Photograph — hospitalitynet

Hilton Worldwide Holdings is planning to build more hotels in Africa as part of its expansion plans on the continent. Its plans include opening more of its Curio Collection brand hotels after it debuted the first hotel under the brand earlier this week.

The Curio Collection Brand is a soft brand from Hilton Holdings; every hotel signed to the brand will be supported by Hilton Worldwide Holdings but will be allowed to keep its individual brand.

The first African hotel under the Curio Collection Brand is Legend Hotel, Lagos. The hotel is located within the Murtala Mohammed International hotel in Lagos and is the first of seven hotels to be opened under the brand in Nigeria alone. Legend Hotel is also Hilton’s second hotel in Nigeria.

The company plans to invest $50 million in the next five years to add more hotels in 13 countries where it does not currently operate including Botswana, Ghana, eSwatini, Uganda, Malawi, and Rwanda, to the Curio collection brand.

Hilton Worldwide Holdings announcement becomes the fourth of such from some of the biggest global hotel chains.

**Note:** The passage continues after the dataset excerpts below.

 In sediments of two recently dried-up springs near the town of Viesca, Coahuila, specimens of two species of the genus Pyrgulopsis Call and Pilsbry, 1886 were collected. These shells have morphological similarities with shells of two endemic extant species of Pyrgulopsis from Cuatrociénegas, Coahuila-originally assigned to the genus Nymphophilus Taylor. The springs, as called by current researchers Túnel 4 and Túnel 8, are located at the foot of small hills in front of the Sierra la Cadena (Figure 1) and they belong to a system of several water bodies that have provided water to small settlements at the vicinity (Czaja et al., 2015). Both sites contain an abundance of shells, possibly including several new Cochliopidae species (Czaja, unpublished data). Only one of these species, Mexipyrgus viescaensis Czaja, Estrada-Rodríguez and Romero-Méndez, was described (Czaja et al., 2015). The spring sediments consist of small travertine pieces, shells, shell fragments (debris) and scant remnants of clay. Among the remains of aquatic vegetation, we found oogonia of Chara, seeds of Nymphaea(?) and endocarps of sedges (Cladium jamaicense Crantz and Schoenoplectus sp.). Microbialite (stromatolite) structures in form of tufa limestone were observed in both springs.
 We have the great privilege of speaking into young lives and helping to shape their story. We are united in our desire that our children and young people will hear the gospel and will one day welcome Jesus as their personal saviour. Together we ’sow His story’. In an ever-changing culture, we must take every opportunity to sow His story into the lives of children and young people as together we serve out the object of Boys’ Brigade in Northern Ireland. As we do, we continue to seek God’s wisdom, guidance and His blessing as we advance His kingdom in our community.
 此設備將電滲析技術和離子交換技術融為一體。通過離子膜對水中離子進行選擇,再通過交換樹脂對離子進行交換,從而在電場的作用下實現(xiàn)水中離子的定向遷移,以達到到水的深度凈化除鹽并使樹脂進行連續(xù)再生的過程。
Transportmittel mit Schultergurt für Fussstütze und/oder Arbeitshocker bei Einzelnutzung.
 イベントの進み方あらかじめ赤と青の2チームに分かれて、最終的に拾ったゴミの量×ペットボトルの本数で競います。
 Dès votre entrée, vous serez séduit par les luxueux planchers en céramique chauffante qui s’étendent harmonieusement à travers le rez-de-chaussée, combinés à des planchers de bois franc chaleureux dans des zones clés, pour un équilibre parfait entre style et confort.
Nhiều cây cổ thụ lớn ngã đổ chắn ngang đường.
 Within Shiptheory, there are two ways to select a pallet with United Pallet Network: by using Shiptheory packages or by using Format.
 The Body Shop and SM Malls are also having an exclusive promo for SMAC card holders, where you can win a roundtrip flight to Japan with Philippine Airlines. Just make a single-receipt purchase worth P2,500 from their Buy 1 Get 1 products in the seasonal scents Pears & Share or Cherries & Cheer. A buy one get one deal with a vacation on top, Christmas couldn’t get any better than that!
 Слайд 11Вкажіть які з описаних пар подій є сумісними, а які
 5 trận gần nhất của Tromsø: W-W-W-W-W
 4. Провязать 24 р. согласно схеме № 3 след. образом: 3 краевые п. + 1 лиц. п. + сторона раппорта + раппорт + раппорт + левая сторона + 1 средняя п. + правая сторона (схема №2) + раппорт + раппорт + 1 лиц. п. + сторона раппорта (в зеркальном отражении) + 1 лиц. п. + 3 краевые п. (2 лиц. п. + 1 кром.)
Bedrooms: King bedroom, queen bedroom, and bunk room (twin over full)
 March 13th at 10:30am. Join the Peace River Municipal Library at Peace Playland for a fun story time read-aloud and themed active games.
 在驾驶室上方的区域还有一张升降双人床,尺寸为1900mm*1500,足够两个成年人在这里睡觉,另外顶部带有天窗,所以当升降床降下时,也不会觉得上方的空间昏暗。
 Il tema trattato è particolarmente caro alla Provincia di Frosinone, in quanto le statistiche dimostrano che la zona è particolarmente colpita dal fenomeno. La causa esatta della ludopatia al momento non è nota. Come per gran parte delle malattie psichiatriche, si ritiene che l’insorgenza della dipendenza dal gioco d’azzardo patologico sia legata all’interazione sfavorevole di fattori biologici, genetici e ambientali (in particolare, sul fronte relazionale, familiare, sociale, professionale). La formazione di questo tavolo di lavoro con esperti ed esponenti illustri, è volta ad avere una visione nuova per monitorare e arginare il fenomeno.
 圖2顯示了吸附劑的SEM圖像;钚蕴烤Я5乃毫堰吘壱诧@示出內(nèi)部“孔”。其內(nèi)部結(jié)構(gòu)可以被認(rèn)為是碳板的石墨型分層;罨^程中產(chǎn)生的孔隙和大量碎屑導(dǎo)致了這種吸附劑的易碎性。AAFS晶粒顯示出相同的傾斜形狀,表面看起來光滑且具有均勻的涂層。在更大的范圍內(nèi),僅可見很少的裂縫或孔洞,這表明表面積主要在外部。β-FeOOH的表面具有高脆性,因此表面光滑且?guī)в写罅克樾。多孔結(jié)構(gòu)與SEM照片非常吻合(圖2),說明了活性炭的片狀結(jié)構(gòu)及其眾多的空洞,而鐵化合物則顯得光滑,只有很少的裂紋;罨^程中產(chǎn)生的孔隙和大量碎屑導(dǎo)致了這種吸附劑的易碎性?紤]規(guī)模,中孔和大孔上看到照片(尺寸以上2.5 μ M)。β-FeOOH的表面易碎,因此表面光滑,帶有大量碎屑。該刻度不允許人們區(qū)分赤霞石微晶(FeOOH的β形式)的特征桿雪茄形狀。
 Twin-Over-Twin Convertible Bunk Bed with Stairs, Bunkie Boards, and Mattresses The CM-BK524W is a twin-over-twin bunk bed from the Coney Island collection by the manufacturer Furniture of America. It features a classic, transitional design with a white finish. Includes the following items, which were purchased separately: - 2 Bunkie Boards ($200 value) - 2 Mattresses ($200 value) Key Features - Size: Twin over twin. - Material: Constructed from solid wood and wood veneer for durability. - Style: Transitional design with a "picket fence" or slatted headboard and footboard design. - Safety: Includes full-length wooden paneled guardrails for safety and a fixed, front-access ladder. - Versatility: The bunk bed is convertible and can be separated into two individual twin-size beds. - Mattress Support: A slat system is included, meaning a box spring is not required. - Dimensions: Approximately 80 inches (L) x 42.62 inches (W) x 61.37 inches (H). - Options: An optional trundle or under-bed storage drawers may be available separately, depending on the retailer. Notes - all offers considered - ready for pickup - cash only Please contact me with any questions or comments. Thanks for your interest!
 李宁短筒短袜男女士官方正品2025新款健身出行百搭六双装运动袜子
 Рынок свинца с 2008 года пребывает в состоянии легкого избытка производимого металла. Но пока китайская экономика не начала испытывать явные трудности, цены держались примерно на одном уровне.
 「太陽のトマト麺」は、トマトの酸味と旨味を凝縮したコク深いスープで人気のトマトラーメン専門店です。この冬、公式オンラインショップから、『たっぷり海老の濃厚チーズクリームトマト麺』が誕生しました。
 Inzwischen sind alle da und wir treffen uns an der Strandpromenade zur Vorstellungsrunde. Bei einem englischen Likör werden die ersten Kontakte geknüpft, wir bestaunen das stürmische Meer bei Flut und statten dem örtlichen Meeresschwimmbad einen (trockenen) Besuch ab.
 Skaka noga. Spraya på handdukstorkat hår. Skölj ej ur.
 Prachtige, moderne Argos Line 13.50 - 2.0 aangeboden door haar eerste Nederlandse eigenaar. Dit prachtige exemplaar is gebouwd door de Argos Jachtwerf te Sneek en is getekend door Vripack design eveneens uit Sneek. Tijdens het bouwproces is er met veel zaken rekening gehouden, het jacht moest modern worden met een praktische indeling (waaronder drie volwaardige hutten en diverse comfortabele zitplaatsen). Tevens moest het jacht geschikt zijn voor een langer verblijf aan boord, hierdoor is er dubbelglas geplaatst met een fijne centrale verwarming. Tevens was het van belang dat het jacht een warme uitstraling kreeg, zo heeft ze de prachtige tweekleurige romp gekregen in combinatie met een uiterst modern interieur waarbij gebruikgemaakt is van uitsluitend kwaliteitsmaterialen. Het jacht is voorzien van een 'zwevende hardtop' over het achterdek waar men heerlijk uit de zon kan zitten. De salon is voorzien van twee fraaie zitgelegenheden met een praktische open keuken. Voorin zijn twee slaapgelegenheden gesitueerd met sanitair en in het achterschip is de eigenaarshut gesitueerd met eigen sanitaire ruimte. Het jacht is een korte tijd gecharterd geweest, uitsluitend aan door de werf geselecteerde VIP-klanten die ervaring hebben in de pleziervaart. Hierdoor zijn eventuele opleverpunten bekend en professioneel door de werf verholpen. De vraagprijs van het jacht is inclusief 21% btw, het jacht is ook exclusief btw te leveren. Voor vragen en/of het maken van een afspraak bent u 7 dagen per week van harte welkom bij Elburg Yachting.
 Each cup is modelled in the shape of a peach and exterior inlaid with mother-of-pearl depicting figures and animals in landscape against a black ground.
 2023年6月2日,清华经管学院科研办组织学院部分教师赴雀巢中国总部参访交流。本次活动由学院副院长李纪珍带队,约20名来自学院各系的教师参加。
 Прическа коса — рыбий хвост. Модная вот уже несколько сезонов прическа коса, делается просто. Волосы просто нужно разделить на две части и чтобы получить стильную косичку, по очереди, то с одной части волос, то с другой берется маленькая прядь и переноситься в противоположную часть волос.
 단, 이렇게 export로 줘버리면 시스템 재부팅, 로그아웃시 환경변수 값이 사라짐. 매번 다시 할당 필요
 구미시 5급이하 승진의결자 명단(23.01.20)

Radisson Hotels announced on Tuesday that it would be opening 10 new hotels across the African continent in the coming nine months. “We are thrilled to be announcing 10 new hotel deals in just nine months, which equates to a new signing every month,” Radisson’s sub-Saharan Africa senior vice president for development Andrew Mclachlan told Reuters. It will be building a luxury hotel in Lagos, Nigeria, a lifestyle hotel in Ivory Coast, and a Radisson Blu in Morocco. Marriot hotels and Hyatt hotels also have plans to expand in Africa, the former wants to increase operations by 50 percent across the continent, including to Mozambique, while the latter wants to double its hotels in Africa by 2020.

Africa is seen as investment worthy, due to its emerging economies and its growing middle class. Though there have been setbacks in terms of government policies, business-friendly environment, and debts with local partners like in the case of Intercontinental hotels in Nigeria, many hotel brands are still choosing to invest on the continent. A key attraction could also be the continent’s (especially sub-Saharan Africa) rising tourism industry, which experienced an 11 percent increase in tourist arrivals in 2016, with international tourist arrivals to the continent increasing from 24 million in 1995 to 56 million in 2014. Tourism revenues have tripled within that period too, from $14 billion to $47 billion.

Airbnb, the online marketplace and hospitality service provider, has already spread around the continent and securing its own market share of Africa’s tourism sector. It has been able to shift its services from “novelty accommodation to a mainstream tourist option” in Africa, seemingly taking the place of hotels on the continent.